More information about Ralph and his poetry is available at https://ralphangel.com/.
ABOUT DAVID ST. JOHN
David St. John is an American poet. He has been honored, over the course of his career, with many prizes for poets, including: both the Rome Prize Fellowship and the Award in Literature from the American Academy and Institute of Arts and Letters; the O. B. Hardison Prize (a career award for teaching and poetic achievement) from The Folger Shakespeare Library; and the George Drury Smith Lifetime Achievement Award from the Beyond Baroque Literary Arts Foundation.
He is the author of eleven collections of poetry (including Study for the World’s Body, nominated for The National Book Award in Poetry), most recently The Last Troubadour: New and Selected Poems, as well as a volume of essays, interviews and reviews entitled Where the Angels Come Toward Us. He is the co-editor of American Hybrid: A Norton Anthology of New Poetry and the editor of The Selected Levis and The Darkening Trapeze: Last Poems of Larry Levis.
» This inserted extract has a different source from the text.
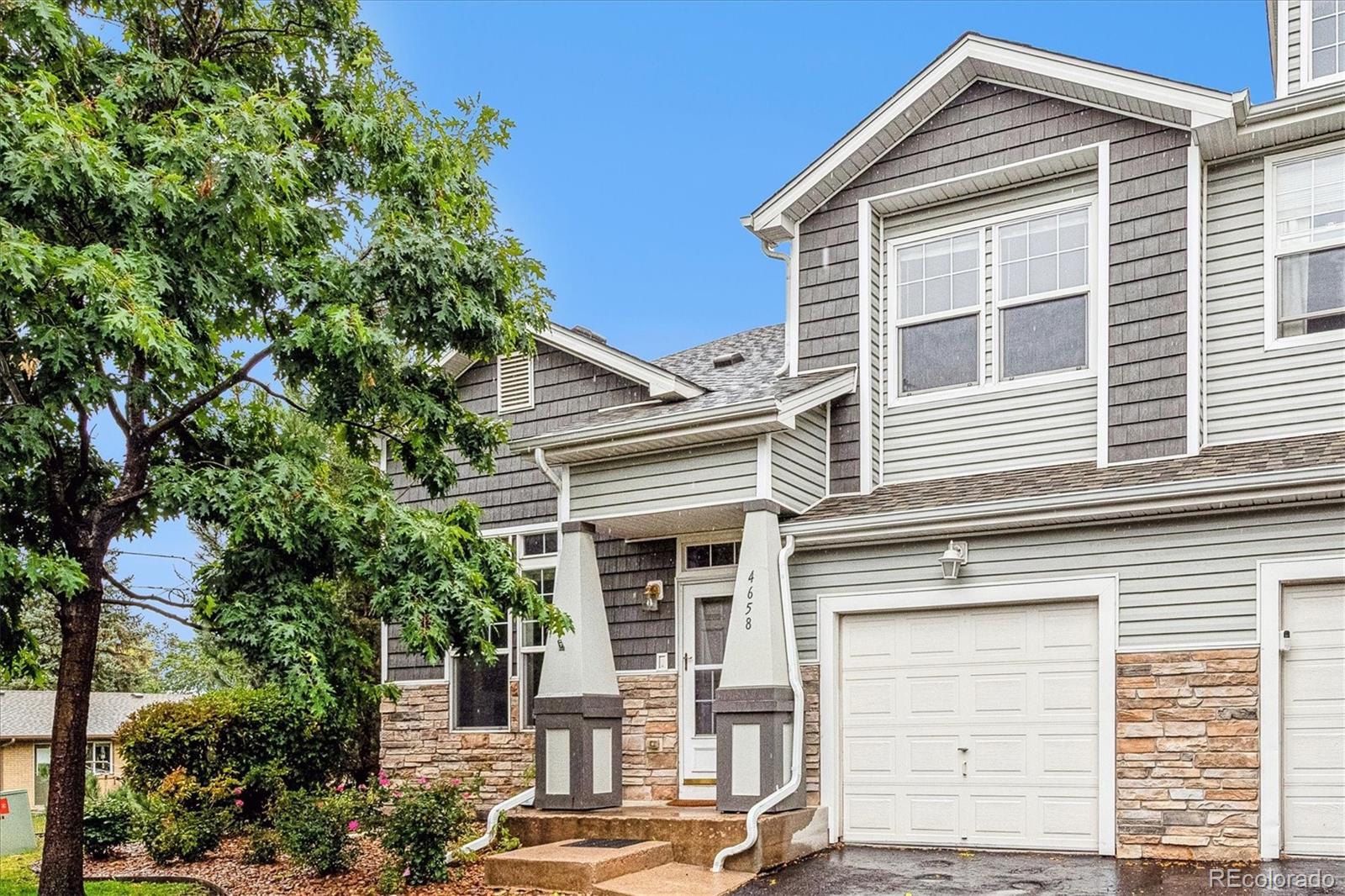 Fantastic opportunity for your buyer on this updated 2-bedroom, 2-bath, end-unit townhome located in the desirable Garrison Village community. Offering the perfect blend of comfort, style, and convenience, this home is move-in ready and features an attached 1- car garage and is ideally situated on a private cul-de-sac near guest parking and a charming community park/playground. Inside, you’ll find a light-filled, open floor plan with soaring vaulted ceilings and abundant of natural light. The spacious living room features a cozy gas fireplace with blower, ceiling fan, and vaulted ceiling that enhances the open feel. The kitchen is thoughtfully designed with 42” cabinets, a pantry, breakfast bar, and brand-new stainless steel appliances – including refrigerator, stove, microwave, and dishwasher. An adjacent dining area makes entertaining or everyday meals easy and enjoyable. Just off the dining area, enjoy your private covered patio, complete with a small fenced area for added privacy and a locking storage closet. Upstairs, the spacious primary suite boasts vaulted ceilings, a ceiling fan, and a large walk-in closet. The upper level also includes a generous second bedroom with ceiling fan, a full bath, and a laundry room with washer and dryer included. Conveniently located minutes from Olde Town Arvada, the Garrison Light Rail Station, and I-70—providing easy access to shopping, dining, and entertainment throughout the Denver metro area.

David St. John has written libretti for the opera, THE FACE, and for the choral symphony, THE SHORE. He was elected to the American Academy of Arts and Sciences (2016) and named a Chancellor of the Academy of American Poets (2017). David St. John is University Professor of English and Comparative Literature and Chair of English at The University of Southern California. He lives with his wife, poet and essayist Anna Journey, in Venice Beach, California.